Exactly the lines below, starting with the one containing "KeyStep 37’s unique" and going on through the one containing "Proměňte vzhled svého", must be reproduced, both ends included, and no pictures with them.

### ENTRIES PROVIDED
§ §

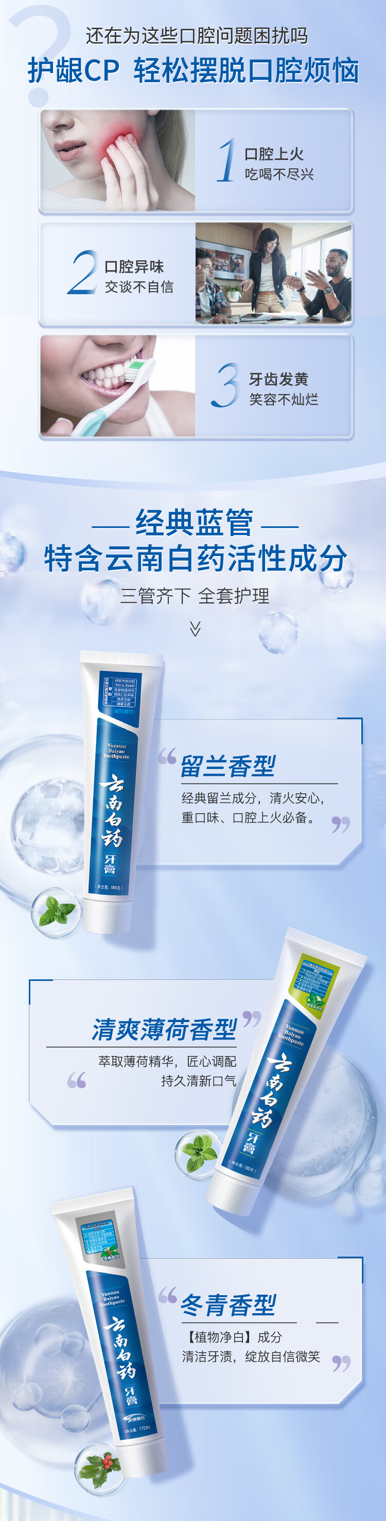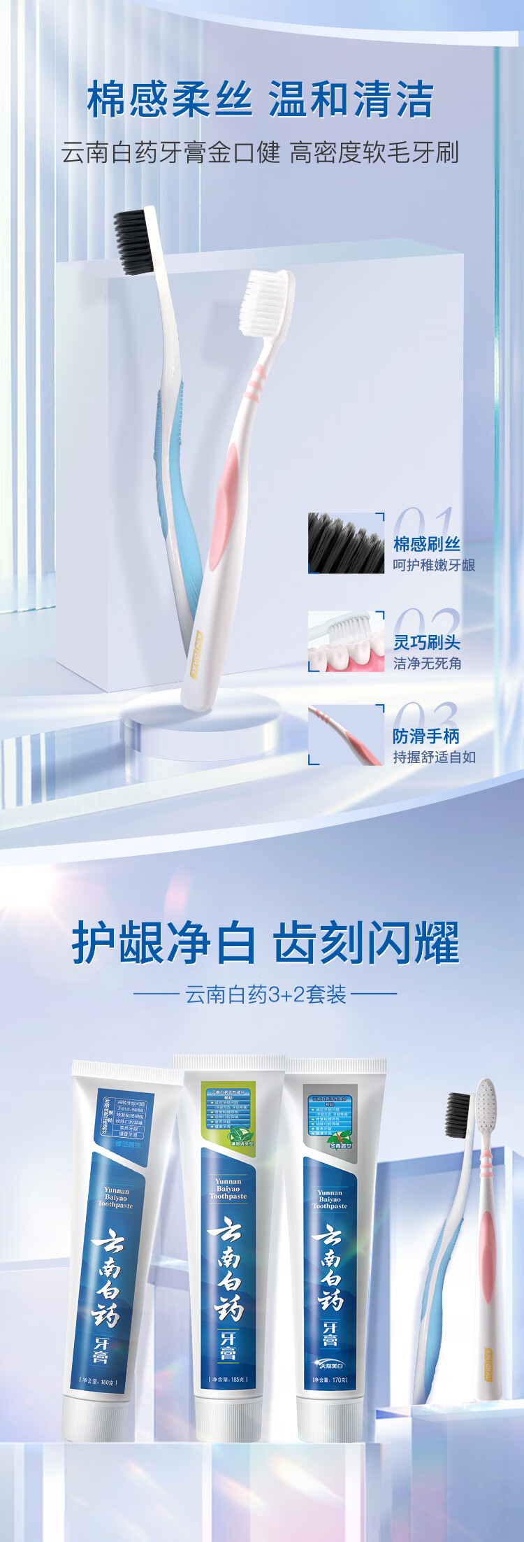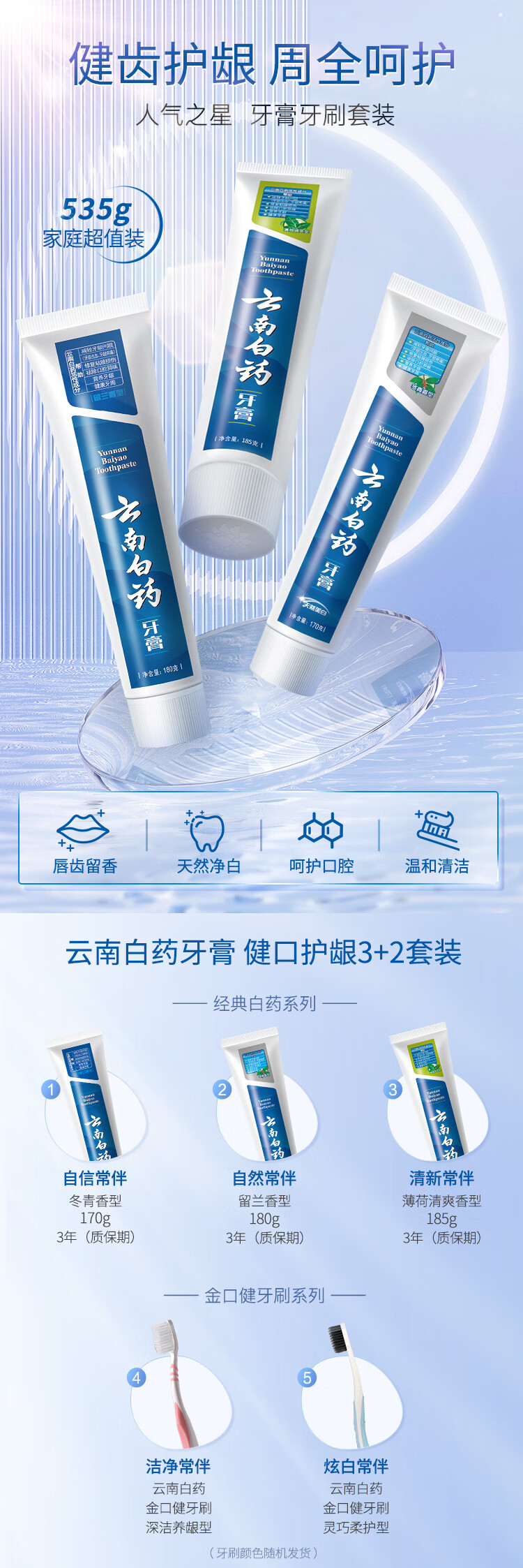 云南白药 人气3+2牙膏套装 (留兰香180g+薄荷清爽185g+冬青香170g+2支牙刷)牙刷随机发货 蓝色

§ §

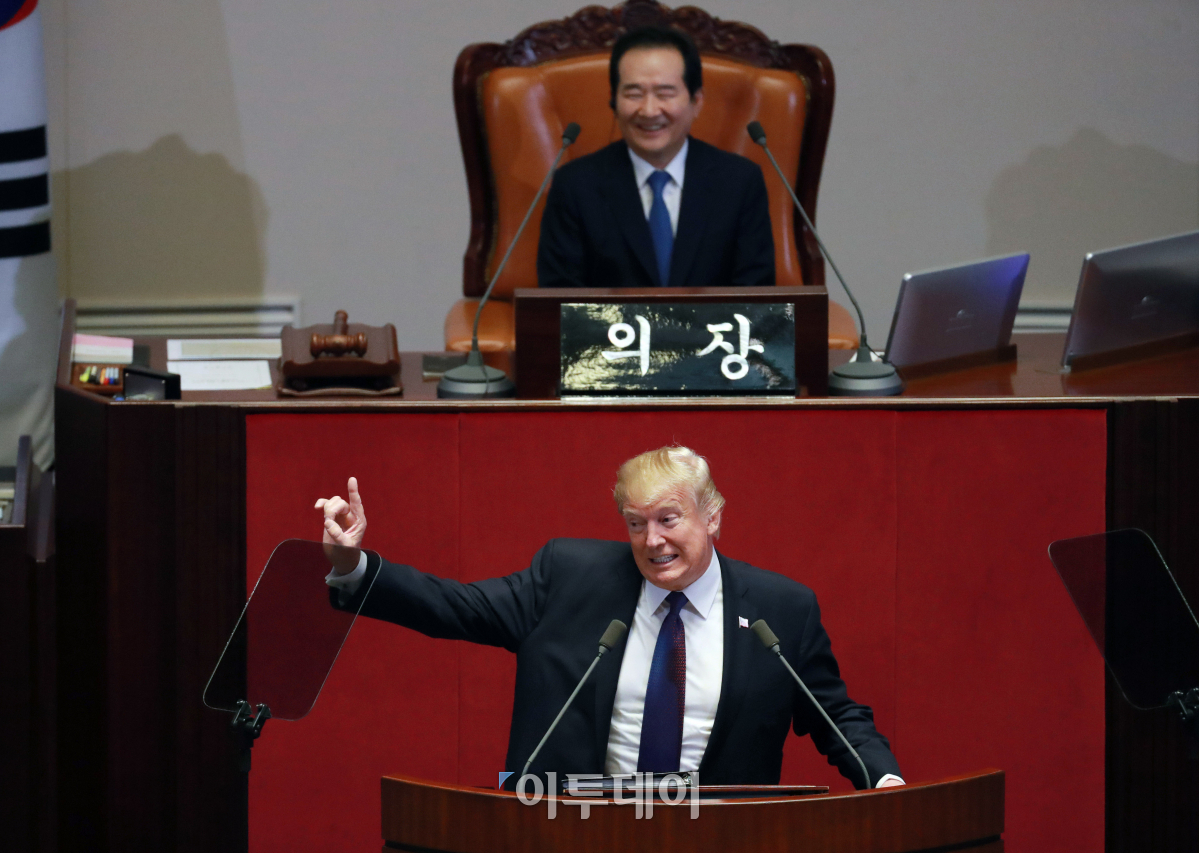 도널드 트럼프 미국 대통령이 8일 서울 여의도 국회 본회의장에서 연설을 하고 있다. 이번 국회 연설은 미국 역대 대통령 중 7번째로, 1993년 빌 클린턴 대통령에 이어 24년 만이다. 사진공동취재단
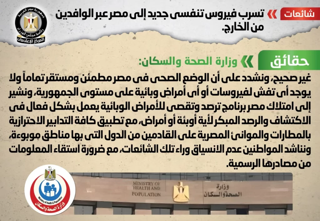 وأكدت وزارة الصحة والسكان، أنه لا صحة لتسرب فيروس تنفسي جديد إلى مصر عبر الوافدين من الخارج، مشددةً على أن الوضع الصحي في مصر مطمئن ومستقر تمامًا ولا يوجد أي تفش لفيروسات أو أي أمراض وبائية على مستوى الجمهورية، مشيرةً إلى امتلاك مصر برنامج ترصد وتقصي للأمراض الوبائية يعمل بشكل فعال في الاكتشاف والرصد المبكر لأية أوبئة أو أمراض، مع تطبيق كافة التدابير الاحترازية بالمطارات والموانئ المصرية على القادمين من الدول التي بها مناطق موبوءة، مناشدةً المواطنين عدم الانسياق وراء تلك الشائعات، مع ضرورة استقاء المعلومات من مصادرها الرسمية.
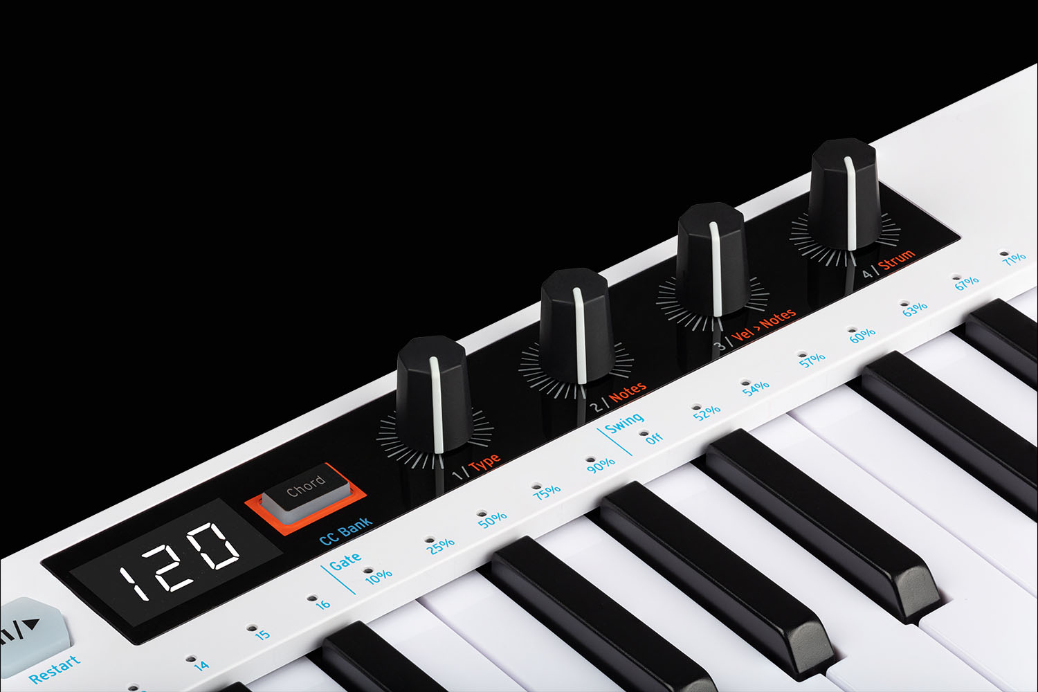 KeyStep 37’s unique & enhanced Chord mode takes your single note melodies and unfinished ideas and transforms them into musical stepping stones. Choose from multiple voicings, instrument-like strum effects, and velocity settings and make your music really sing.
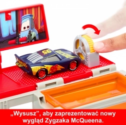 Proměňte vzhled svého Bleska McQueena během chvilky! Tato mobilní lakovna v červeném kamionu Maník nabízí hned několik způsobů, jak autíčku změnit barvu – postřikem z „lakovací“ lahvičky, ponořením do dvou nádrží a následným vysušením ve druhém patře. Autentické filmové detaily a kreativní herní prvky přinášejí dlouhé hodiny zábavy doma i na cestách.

§ §

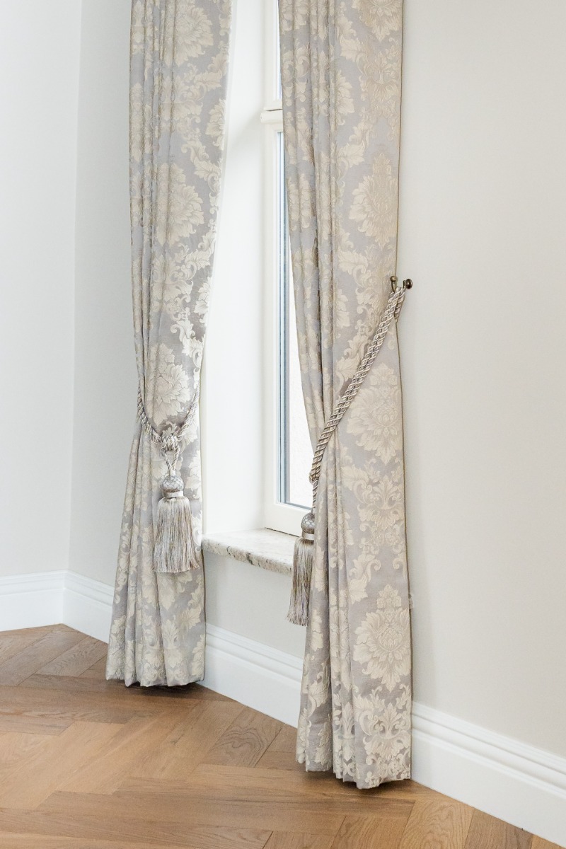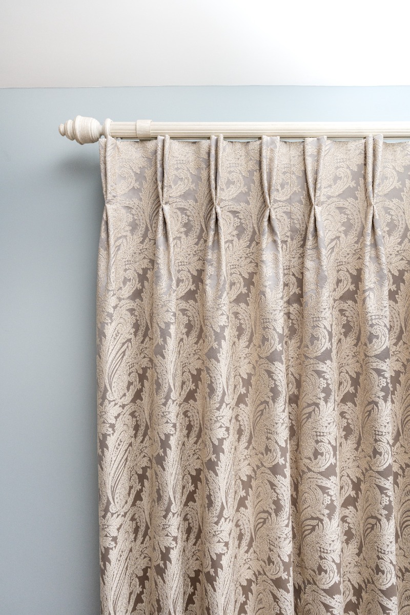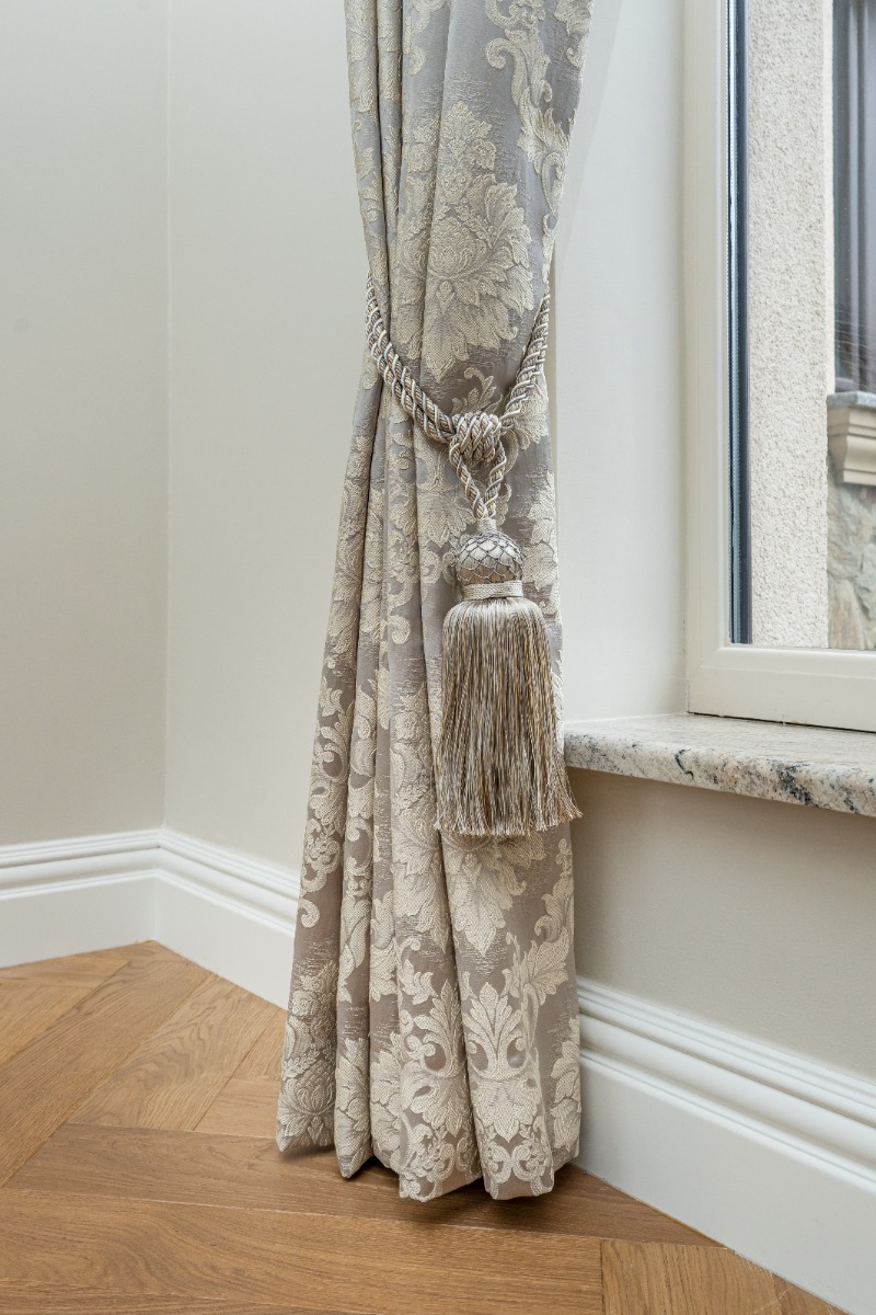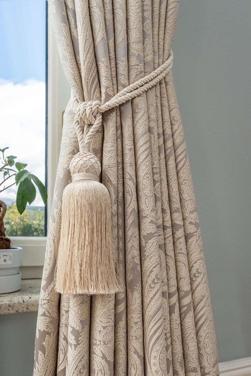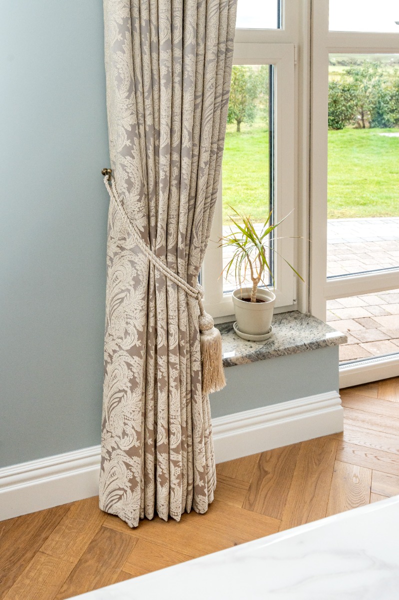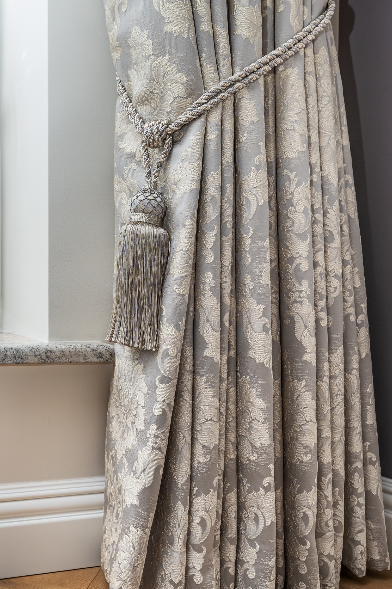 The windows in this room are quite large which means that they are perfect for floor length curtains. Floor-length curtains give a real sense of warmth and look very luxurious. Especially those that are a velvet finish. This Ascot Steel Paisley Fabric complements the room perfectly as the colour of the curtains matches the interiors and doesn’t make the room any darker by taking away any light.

§ §

### COMPLETED TASK
 KeyStep 37’s unique & enhanced Chord mode takes your single note melodies and unfinished ideas and transforms them into musical stepping stones. Choose from multiple voicings, instrument-like strum effects, and velocity settings and make your music really sing.
 Proměňte vzhled svého Bleska McQueena během chvilky! Tato mobilní lakovna v červeném kamionu Maník nabízí hned několik způsobů, jak autíčku změnit barvu – postřikem z „lakovací“ lahvičky, ponořením do dvou nádrží a následným vysušením ve druhém patře. Autentické filmové detaily a kreativní herní prvky přinášejí dlouhé hodiny zábavy doma i na cestách.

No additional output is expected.